**Work to complete**
In full and exactly, reproduce the entries below, but omit the pictures.
════════════════════
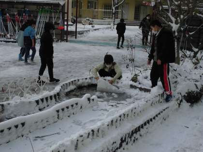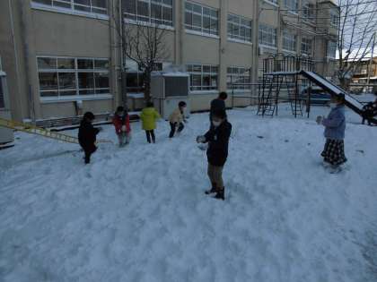 中庭の池には氷が張っていて、触ってみるといつもより分厚い氷だったので、驚いていました。雪を転がしていくと、大きな雪のかたまりになりました。ちびっこ広場にもたくさん雪が積もっていました。
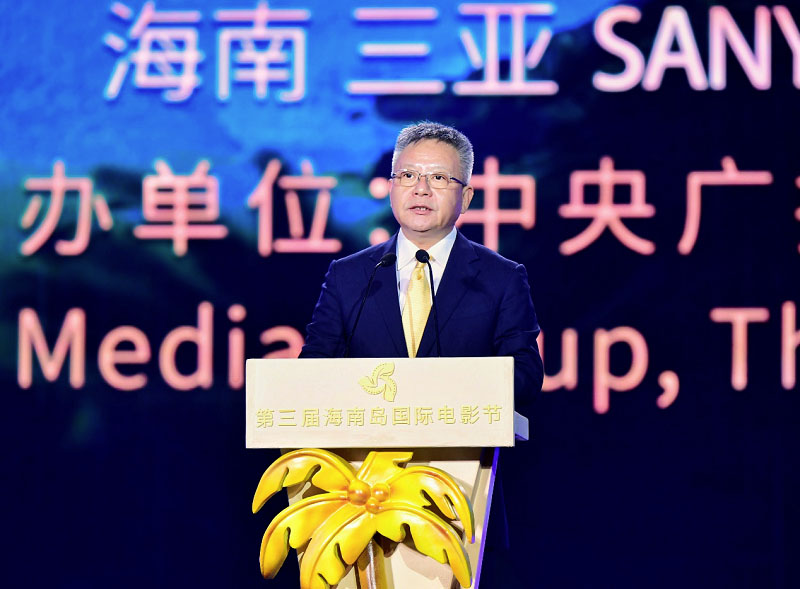 光影傳情,全球電影人共相聚。12月5日,由中央廣播電視總臺(tái)與海南省人民政府共同主辦的第三屆海南島國際電影節(jié)在三亞海棠灣開幕。中宣部副部長、中央廣播電視總臺(tái)臺(tái)長、第三屆海南島國際電影節(jié)組委會(huì)主席慎海雄,中共海南省委書記、海南省人大常委會(huì)黨組書記沈曉明出席開幕式并致辭。慎海雄宣布第三屆海南島國際電影節(jié)開幕。
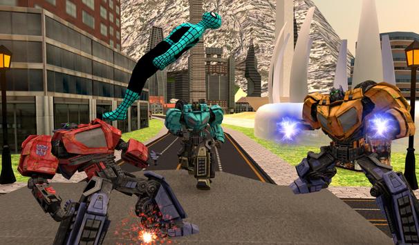 Be a Spider Hero in City War to fight as Transform Fiction Super Hero – If your city had been attacked by criminal and evil robots then what should you do? Get ready for the war against criminals and evil robot fighter and become a hero and savior of a city. You can play as a Spider Hero with amazing power skills where Spider as a character of super Hero fights and catch the evil and Transform Robots.
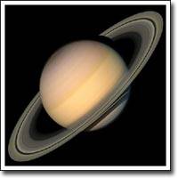 Шестая большая планета Солнечной системы. Расположен примерно вдвое дальше от Солнца, чем Юпитер, и обращается вокруг него за 29.5 года. Экваториальный радиус 60330 км, масса 95 земных, ускорение свободного падения на экваторе 1100 см/с2, сжатие 1/10, средняя плотность 0.7 г/см3. Период вращения на экваторе равен 10 часов 14 минут и увеличивается к полюсам. На диске можно различить полосы, зоны и другие более тонкие образования. В атмосфере наблюдаются спектральные линии водорода Н2, метана СН4, ацетилена С2Н2, этана С2Н6. Элементный состав, по- видимому, не отличается от солнечного, т.е. планета состоит на 99% из водорода и гелия. По внутреннему строению Сатурн похож на Юпитер. Эффективная температура Сатурна около 95 К. Так же, как и у Юпитера, около половины излучаемой энергии обусловлено потоком внутреннего тепла. Сатурн имеет магнитное поле (около 0.5 Э у видимой границы облаков) и радиационные пояса. Он имеет очень красивую систему колец и 22 спутника, самый большой из которых – Титан – имеет собственную атмосферу, почти полностью состоящую из азота. Уникальная по яркости по сравнению с кольцами других газовых гигантов, система колец Сатурна имеет диаметр около 250 тыс. км, однако толщина колец – всего несколько десятков метров. В настоящее время астрономы предполагают, что возраст колец – всего около ста миллионов лет.
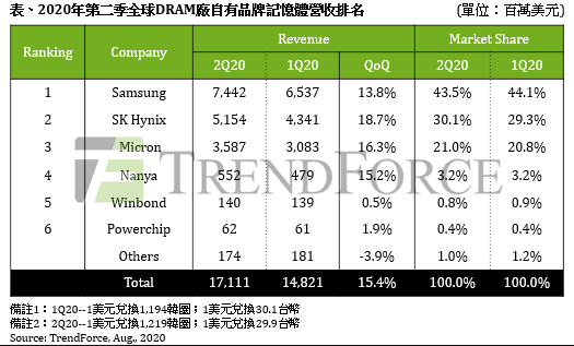 就目前而言,参考最近Q2季度的出货量报告,目前全球的DRAM芯片市场被三大巨头所统治。分别是占了43.5%的三星、30.1%的SK海力士和21%的美光。这三家一起就占据了近乎95%的市场。
════════════════════
**Response area**
 中庭の池には氷が張っていて、触ってみるといつもより分厚い氷だったので、驚いていました。雪を転がしていくと、大きな雪のかたまりになりました。ちびっこ広場にもたくさん雪が積もっていました。
 光影傳情,全球電影人共相聚。12月5日,由中央廣播電視總臺(tái)與海南省人民政府共同主辦的第三屆海南島國際電影節(jié)在三亞海棠灣開幕。中宣部副部長、中央廣播電視總臺(tái)臺(tái)長、第三屆海南島國際電影節(jié)組委會(huì)主席慎海雄,中共海南省委書記、海南省人大常委會(huì)黨組書記沈曉明出席開幕式并致辭。慎海雄宣布第三屆海南島國際電影節(jié)開幕。
 Be a Spider Hero in City War to fight as Transform Fiction Super Hero – If your city had been attacked by criminal and evil robots then what should you do? Get ready for the war against criminals and evil robot fighter and become a hero and savior of a city. You can play as a Spider Hero with amazing power skills where Spider as a character of super Hero fights and catch the evil and Transform Robots.
 Шестая большая планета Солнечной системы. Расположен примерно вдвое дальше от Солнца, чем Юпитер, и обращается вокруг него за 29.5 года. Экваториальный радиус 60330 км, масса 95 земных, ускорение свободного падения на экваторе 1100 см/с2, сжатие 1/10, средняя плотность 0.7 г/см3. Период вращения на экваторе равен 10 часов 14 минут и увеличивается к полюсам. На диске можно различить полосы, зоны и другие более тонкие образования. В атмосфере наблюдаются спектральные линии водорода Н2, метана СН4, ацетилена С2Н2, этана С2Н6. Элементный состав, по- видимому, не отличается от солнечного, т.е. планета состоит на 99% из водорода и гелия. По внутреннему строению Сатурн похож на Юпитер. Эффективная температура Сатурна около 95 К. Так же, как и у Юпитера, около половины излучаемой энергии обусловлено потоком внутреннего тепла. Сатурн имеет магнитное поле (около 0.5 Э у видимой границы облаков) и радиационные пояса. Он имеет очень красивую систему колец и 22 спутника, самый большой из которых – Титан – имеет собственную атмосферу, почти полностью состоящую из азота. Уникальная по яркости по сравнению с кольцами других газовых гигантов, система колец Сатурна имеет диаметр около 250 тыс. км, однако толщина колец – всего несколько десятков метров. В настоящее время астрономы предполагают, что возраст колец – всего около ста миллионов лет.
 就目前而言,参考最近Q2季度的出货量报告,目前全球的DRAM芯片市场被三大巨头所统治。分别是占了43.5%的三星、30.1%的SK海力士和21%的美光。这三家一起就占据了近乎95%的市场。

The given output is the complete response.